5. The near-surface roll wave noise suppression method according to claim 4, characterized in that, The ground roll noise term includes the product of the inversion regularization operator and the sparse constraint on the ground roll noise.

6. The near-surface roll wave noise suppression method according to claim 4, characterized in that, The original seismic data items include: The second norm of the difference between the raw seismic data and the pre-built hyperbolic model operator and the pre-built ground roll wave model operator.

7. A near-surface rolling wave noise suppression device, characterized in that, The device includes: The modeling module is used to apply sparse constraints to near-surface roll wave noise and to construct the objective function by combining pre-built hyperbolic model operators and pre-built roll wave model operators.
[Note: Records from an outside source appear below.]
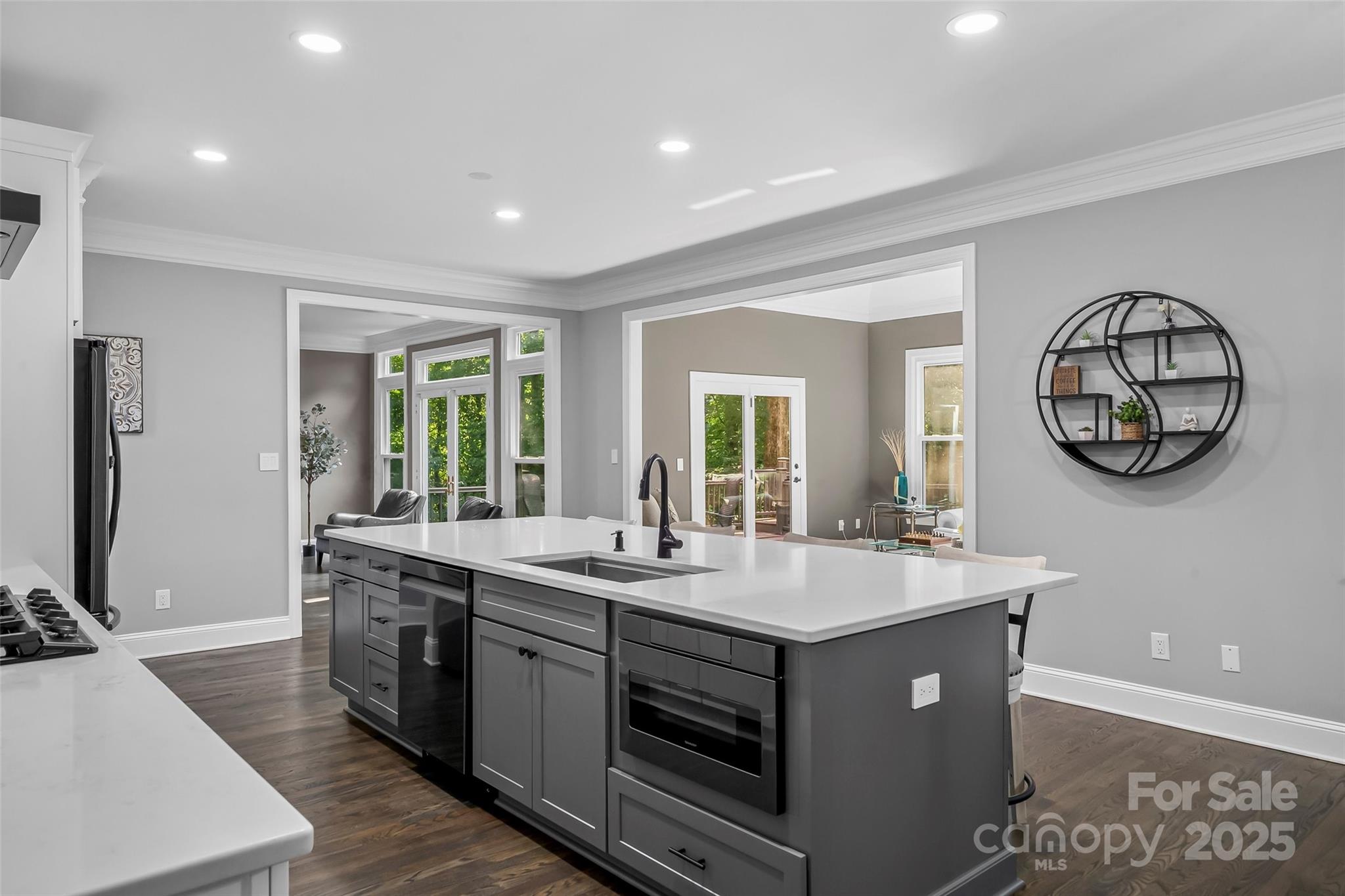 Discover a serene retreat in this 5BR/4.5BA home, w/ updated interiors, breathtaking outdoor spaces & a finished basement. Sophisticated kitchen is fully updated w/ smart appliances, center island w/ bar seating, modern cabinetry, spacious eat-in area, wine fridge, gas stove, double ovens, walk-in pantry, & is open to the dining room. Keeping room is ready for entertaining as you cook. Living room w/ built-ins, fireplace & large, bright windows. Hardwoods on main & second level refinished. Primary bedroom on main w/ sitting area. Primary bath fully remodeled w/ new cabinetry, tiled shower, new tile floor, rainfall shower head, walk-in closet. Expansive deck wraps around to a screened porch, overlooking mature trees. Second level offers three bedrooms, two updated en suite full baths, walk-in closets w/ built-in shelving. Full, finished basement offers a fireplace, storage closets, bedroom w/ en suite bath & opens to the large covered patio. Updated light fixtures & smart home system.
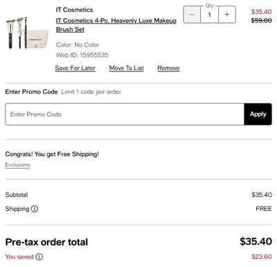- FREE deluxe CC+ Cream with any $50 It Cosmetics Purchase
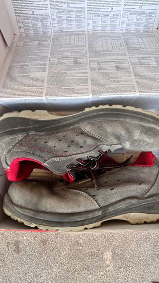 Zapato de seguridad muy transpirable,fabricado en piel serraje 1°calidad transpirable y fresco tejido Mesh con tratamiento hidrofugo con tecnología Panter Oxígeno Ligero, flexible le u extramadamente antideslizante,máxima protección puntera resistente a Impactos. Plantilla térmico formada en tejido coolmax Resistencia y durabilidad Talla 46 Excelente estado
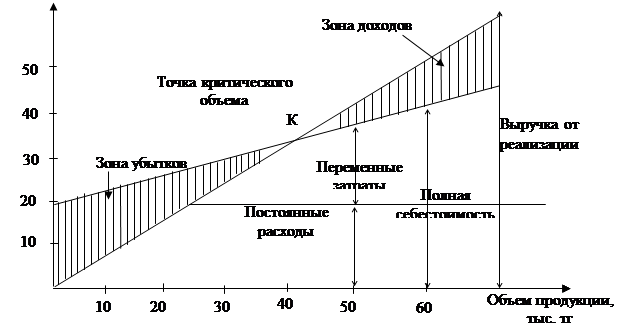 Возникает вопрос, при каком объеме выпуска (реализации) продукции предприятие достигнет точки критического объема, при которой доход от реализации равен ее общим издержкам (полной себестоимости), где нет ни дохода, ни убытков? Если фактический доход от реализации продукции будет выше, чем полная ее себестоимость, то предприятие будет иметь доход oт основной деятельности, а если наоборот, то понесет убытки. Подставив к приведенные выше формулы исходные данные, определим критическую величину объема производства, дохода (выручки) от реализации продукции, величину постоянных затрат, цену реализации и уровень минимального маржинального дохода. 1. Расчет критического объема производства:
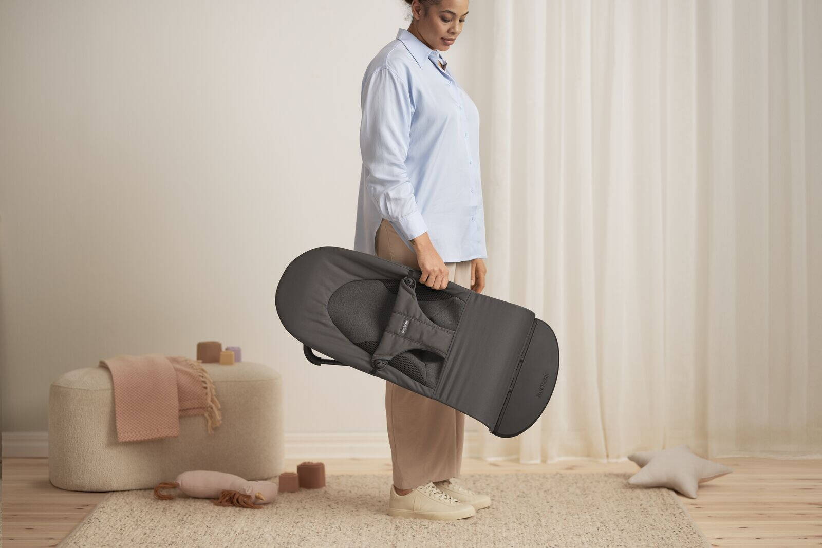 BABYBJORN - leżaczek BALANCE SOFT WOVEN/JERSEY Tri Fabric w kolorze Ciemny Szary z ramą w kolorze czarnym

The inversion module is used to perform sparse inversion on the objective function to obtain the sparse term of near-surface roll wave noise; The suppression module is used to subtract the near-surface rolling wave noise from the original seismic data based on the sparse term of the near-surface rolling wave noise, so as to suppress the near-surface rolling wave noise.

8. A computer device, comprising a memory, a processor, and a computer program stored in the memory, characterized in that, The processor executes the computer program to implement the steps of the near-surface rolling wave noise suppression method according to any one of claims 1 to 6.

9. A computer-readable storage medium having a computer program stored thereon, characterized in that, When executed by a processor, the computer program implements the steps of the near-surface rolling wave noise suppression method according to any one of claims 1 to 6.

10. A computer program product, comprising a computer program, characterized in that, When executed by a processor, the computer program implements the steps of the near-surface rolling wave noise suppression method according to any one of claims 1 to 6.